* [Problem requirements]:
All of the data should be output character for character, except the pictures.

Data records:
[Start of Attachment]

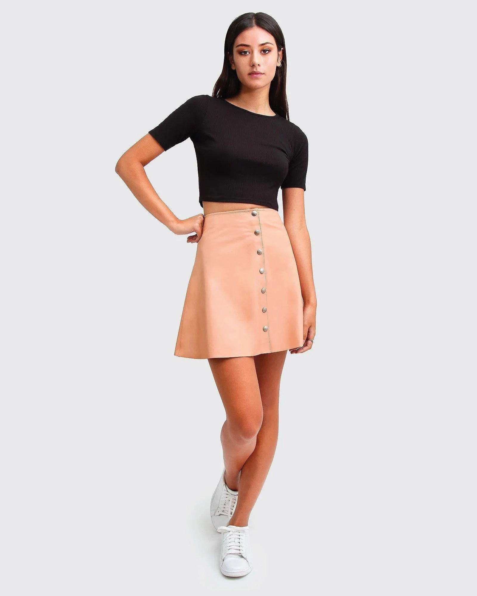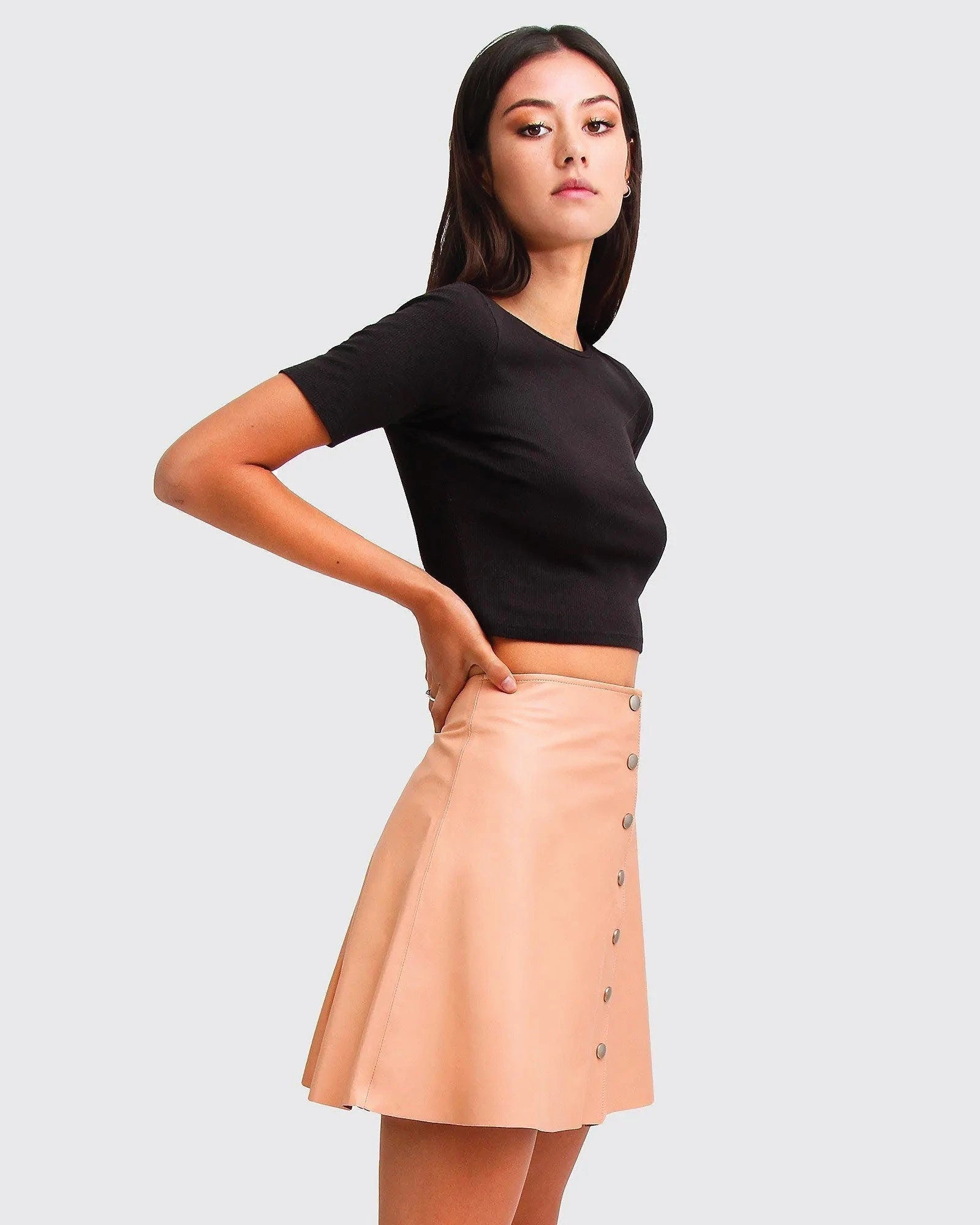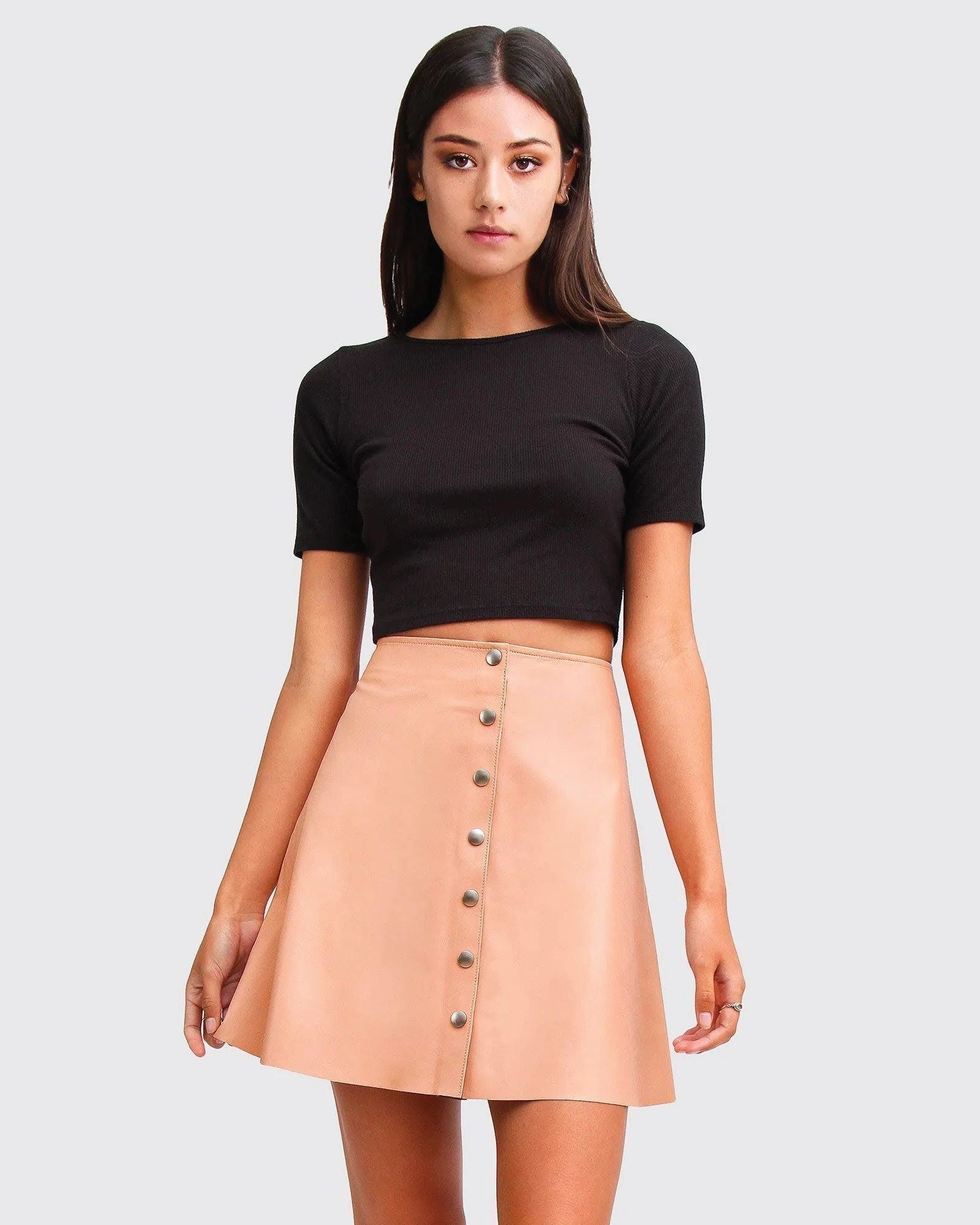 The into the woods leather mini skirt by belle & bloom is the perfect staple piece to add to your wardrobe this season. In a feminine a-line silhouette, this classic style features a leather construction, high waist and delicate snap button front closure.
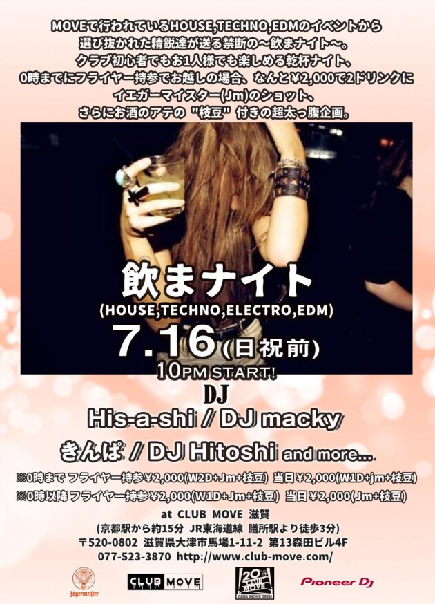 MOVEで行われているHOUSE,TECHNO,EDMのイベントから選び抜かれた精鋭達が送る禁断の~飲まナイト~。
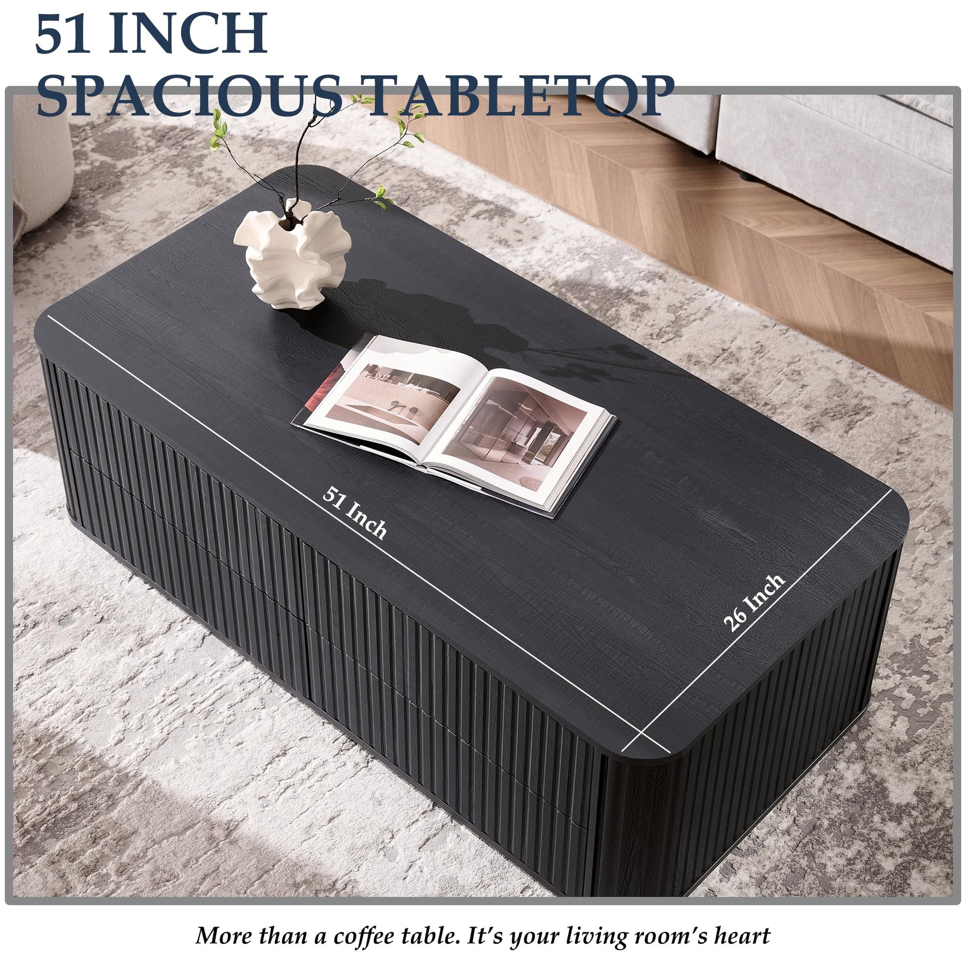 The generous 51-inch wide surface provides ample space for everyday activities—from morning coffee and weekend brunch to family game nights and decorative displays. Four handle-free drawers offer convenient press-to-open storage for remotes, magazines, coasters, toys, and blankets, keeping your living space organized and clutter-free.
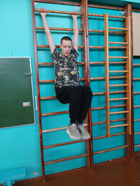 4. Вис на гимнастической стенке хватом сверху. Подъем выпрямленных ног в положение
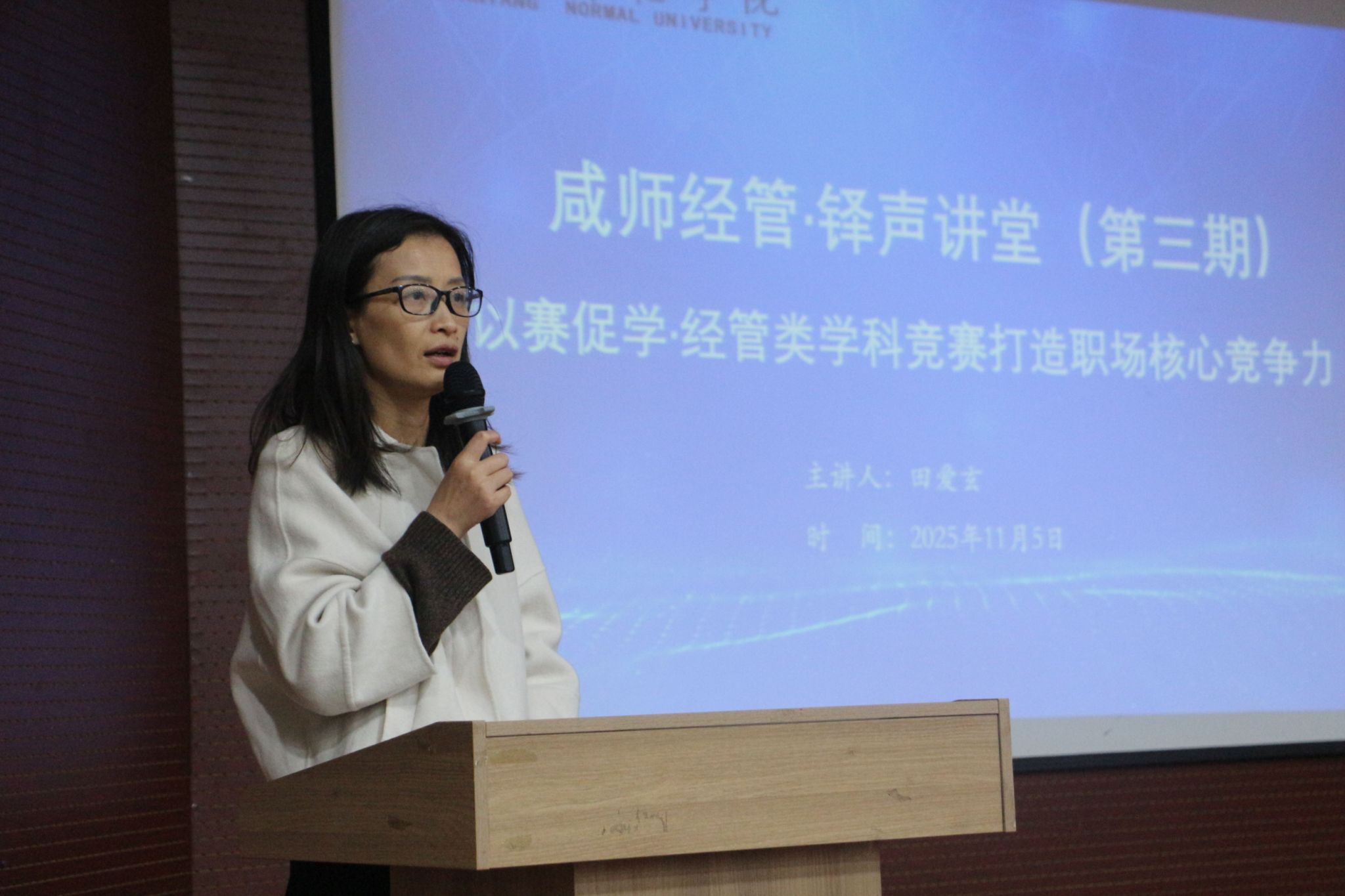 报告中,田爱玄老师紧扣“以赛促学”逻辑,深刻阐释了学科竞赛作为连接课堂与职场关键“练兵场”的核心价值。她不仅为同学们精准推荐了十余项教育部认可、适合经管学子参与的高质量竞赛,更从“如何起步”到“如何胜出”的全流程视角,结合往届优秀学子的成功案例,对赛事筹备、团队组建、项目设计及现场答辩等关键环节进行了细致梳理,将抽象的竞赛过程转化为清晰的行动指南。整场讲座内容翔实,同学们反响热烈。

[End of Attachment]

* [Exercise answer]:
 The into the woods leather mini skirt by belle & bloom is the perfect staple piece to add to your wardrobe this season. In a feminine a-line silhouette, this classic style features a leather construction, high waist and delicate snap button front closure.
 MOVEで行われているHOUSE,TECHNO,EDMのイベントから選び抜かれた精鋭達が送る禁断の~飲まナイト~。
 The generous 51-inch wide surface provides ample space for everyday activities—from morning coffee and weekend brunch to family game nights and decorative displays. Four handle-free drawers offer convenient press-to-open storage for remotes, magazines, coasters, toys, and blankets, keeping your living space organized and clutter-free.
 4. Вис на гимнастической стенке хватом сверху. Подъем выпрямленных ног в положение
 报告中,田爱玄老师紧扣“以赛促学”逻辑,深刻阐释了学科竞赛作为连接课堂与职场关键“练兵场”的核心价值。她不仅为同学们精准推荐了十余项教育部认可、适合经管学子参与的高质量竞赛,更从“如何起步”到“如何胜出”的全流程视角,结合往届优秀学子的成功案例,对赛事筹备、团队组建、项目设计及现场答辩等关键环节进行了细致梳理,将抽象的竞赛过程转化为清晰的行动指南。整场讲座内容翔实,同学们反响热烈。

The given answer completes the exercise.